You are here: TWiki > Tier3 Web>CondorRPMInstall (05 Mar 2012, RobGardner)

Installing Condor using the RPM distribution

Tier3
CondorRPMInstall
Released
by MarcoMambelli

Introduction

on If you are using Rocks, commonly used by CMS, or you install using Kickstart files like the one provided by ATLAS, then you may not need any of this. The may install and setup Condor for you. Check your VO documentation first.

We will use the latest stable release of Condor. As of May 27, 2011, this is 7.6.0.

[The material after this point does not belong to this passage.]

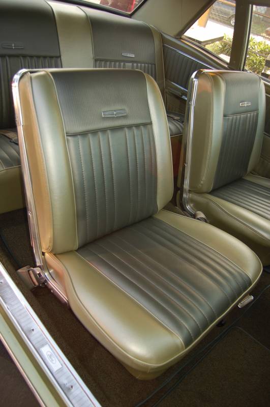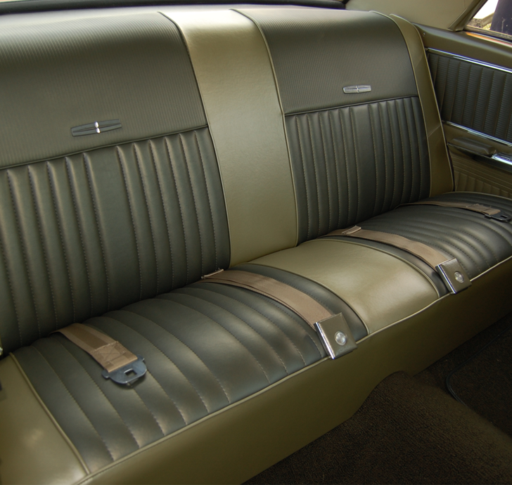 Distinctive Industries 1966-67 Falcon Seat Upholstery is a correct reproduction of the original. We offer the original Sierra grain in 32 oz. vinyl, with the correct vertical patterns, correct embossing on the seat back and upper lean back, and sewn as original.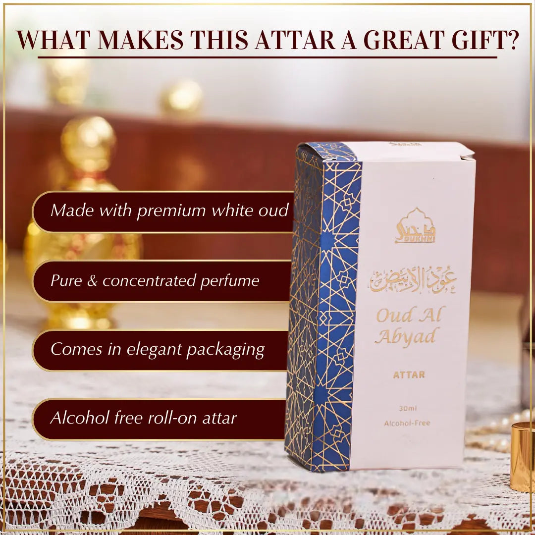 Love White Oud? Discover Dukhni’s 30ml Oud Al Abyad Attar—one of our new launches and best perfume oils. This concentrated roll-on is crafted with premium ingredients, completely alcohol-free, and delivers over 14 hours of lasting fragrance. Pure, potent, and made to impress, it’s perfect for daily wear, prayer, and gifting.

This installation uses the Condor RPM distribution. It can be downloaded from the Condor site or installed using a RPM or yum repository. The Condor team set up a yum repository that can be used for this installation.

Condor needs to be installed (using the procedure below) on all nodes of the batch queue, the headnode and the worker nodes, and also on the interactive nodes used to submit condor jobs.

Certain operations, like the RPM installation and some system configuration, has to be repeated on each node. Some steps like the configuration of condor_config are performed only once, e.g. on the head node osg-ce, others like the customization of the local condor configuration file is different for each node.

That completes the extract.